The functional importance of isochores was evident for a long time because of their correlations with all the genome properties that were tested and led to their definition as “a fundamental level of genome organization”6. Recently, however, investigations7 showed that maps of GC-rich and GC-poor isochores of all human and mouse chromosomes match maps of TADs (0.2–2 Mb in size)8 and maps of LADs (~0.5 Mb medium size)9, respectively, so providing a strong indication for a precise correlation between isochores and chromatin domains.

Very recent work4 led to the discovery that isochores are characterized by 3-D structures that (1) are compositionally flat in GC-poor isochores but characterized by peaks and valleys in GC-rich isochores; (2) play a crucial role in the primary formation of LADs and TADs; and (3) have widely different distributions of specific sets of tri-nucleotides such as “A/T-only” and “G/C only” tri-nucleotides in GC-rich and GC-poor isochores. Here, the wider problem concerning the general involvement of oligonucleotides in the 3D structure of the genome was approached.

Results

The GC profile of chromosome 21 and its connection with chromatin domains

The profile of chromosome 21 (as obtained using the point-by-point plot of GC levels of 100 Kb blocks4) is shown as a reference profile (Fig. 1). Indeed, this profile (split into several regions, numbered 1 to 6) provided the first suggestion of a 3-D structure of isochores by showing a low-heterogeneity L1 region 2 and a series of L2+ peaks (c to f) in regions 1 and 3, two multi-peak regions 4 and 5 corresponding to H1 and H2 isochores, respectively, and a region 6 characterized by very sharp H2/H3 peaks ranging from 40–45% to 55–60% GC. It has been recently shown4 that, while the GC-poor, low-heterogeneity L1 region (as well as L2 regions, only represented in chromosome 21 by the “valley” isochore Y4, but present to much larger extents in other chromosomes) corresponds to LADs, the GC-rich, high-heterogeneity L2+, H1, H2, H3 peaks corresponds to TADs.

Figure 1
figure 1

(A) Compositional profile of human chromosome 21. GC levels of 100 Kb windows (see Materials and Methods for the sequence used) are presented in a point-by-point plot. This figure shows that: region 1 comprises an L2+ peak (c); region 2 corresponds to a compositionally flat L1 isochore; region 3 comprises three L2+ peaks (d–f); regions 4 and 5 comprise the multi-peak H1 and H2 isochores, respectively; region 6 comprises H2/H3 peaks. Black, blue and red lines separate regions 1 to 6.

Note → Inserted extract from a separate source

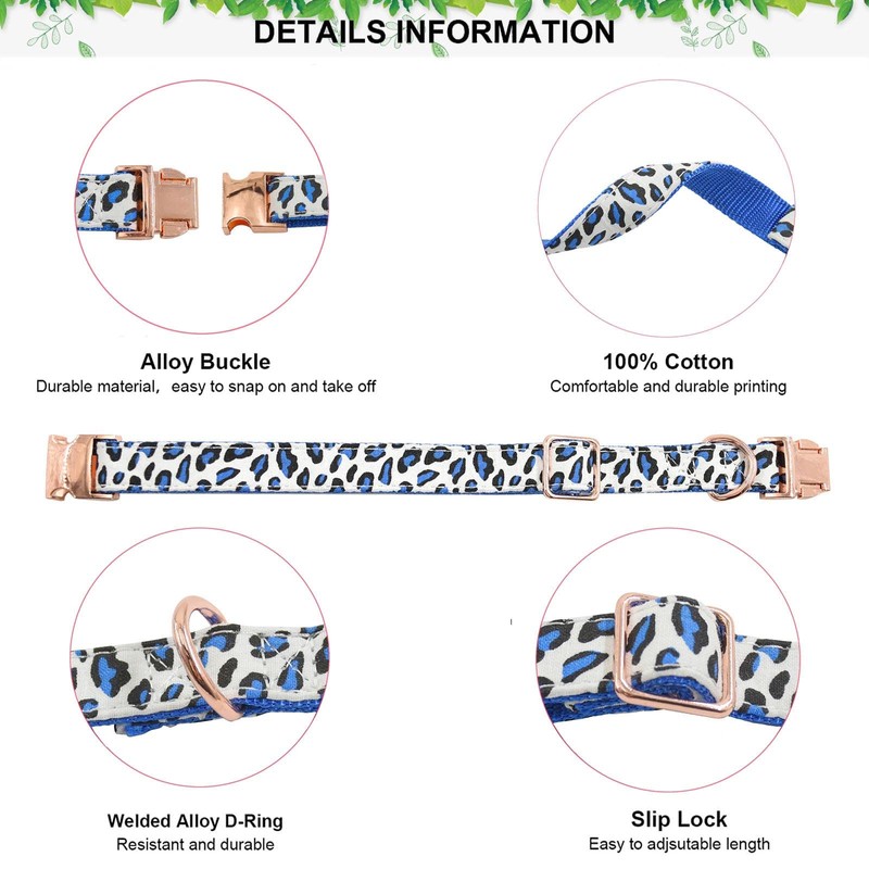 Metal Buckle Dog Collar, Durable Adjustable Dog Collar Soft for Small Medium Large Dogs (S(10-14in), Blue Leopard)

The di-nucleotides of chromosome 21

An analysis4 of previous results10,11 (see Supplementary Fig. 1) showed that “A/T-only” and “G/C-only” di-nucleotides were the most abundant ones in GC-poor and GC-rich isochores, respectively (with AA, TT and GG, CC, respectively, reaching the highest levels); in contrast, the “mixed” dinucleotides (comprising both A or T and G or C) showed only modest differences in different isochore families. For these reasons, the profiles of the three sets of di-nucleotides were investigated separately.

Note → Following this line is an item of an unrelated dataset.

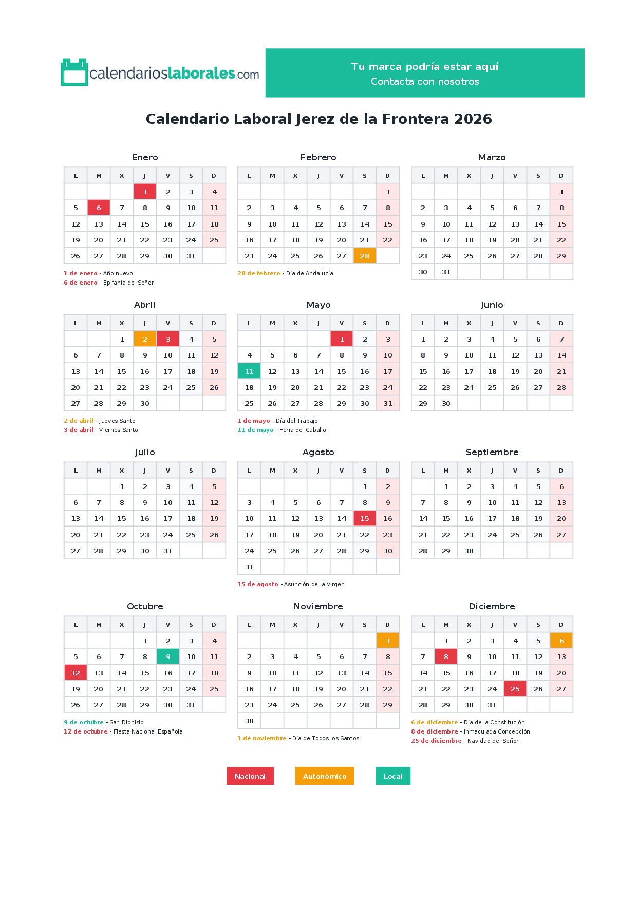 Calendario laboral Jerez de la Frontera 2026

The “G/C-only” di-nucleotides showed profiles (Fig. 2A) that were similar to GC profiles (Fig. 1). These profiles were characterized by a low-heterogeneity region 2 (with a ~4% level), a series of peaks c, d, e, f, in regions 1 and 3, two multi-peak regions 4 and 5 and a series of sharp GpG and CpC peaks in region 6. GpC showed a slightly lower level in region 2 and peaks covering a smaller range in region 6 compared to GpG and CpC. CpG showed the lowest levels (~1% in region 2 and small peaks in region 6), as expected from the well-known shortage of this di-nucleotide12.

Figure 2
figure 2

Profiles of (A) “G/C-only”, and (B) “A/T-only” di-nucleotides on human chromosome 21. Blue and red lines define regions 2 and 6, respectively. Black lines separate region 4 from the two contiguous regions 3 and 5.

In contrast, the “A/T-only” di-nucleotides (Fig. 2B) showed much higher levels in region 2 (~12% for ApA and TpT, with lower values, 10% and 9%, for ApT and TpA, respectively) compared to the “G/C only” di-nucleotides. In region 6, ApA and TpT showed sharp peaks although reaching lower levels compared to “G/C-only” di-nucleotides (these levels being even lower in the case of ApT and TpA) and higher levels and sharper peaks in regions 1 and 3 to 5, again especially in the case of ApA and TpT. The A/T peaks of region 3 alternated with the G/C peaks e and f. In region 5, the downward A/T slope corresponded to an upward G/C slope.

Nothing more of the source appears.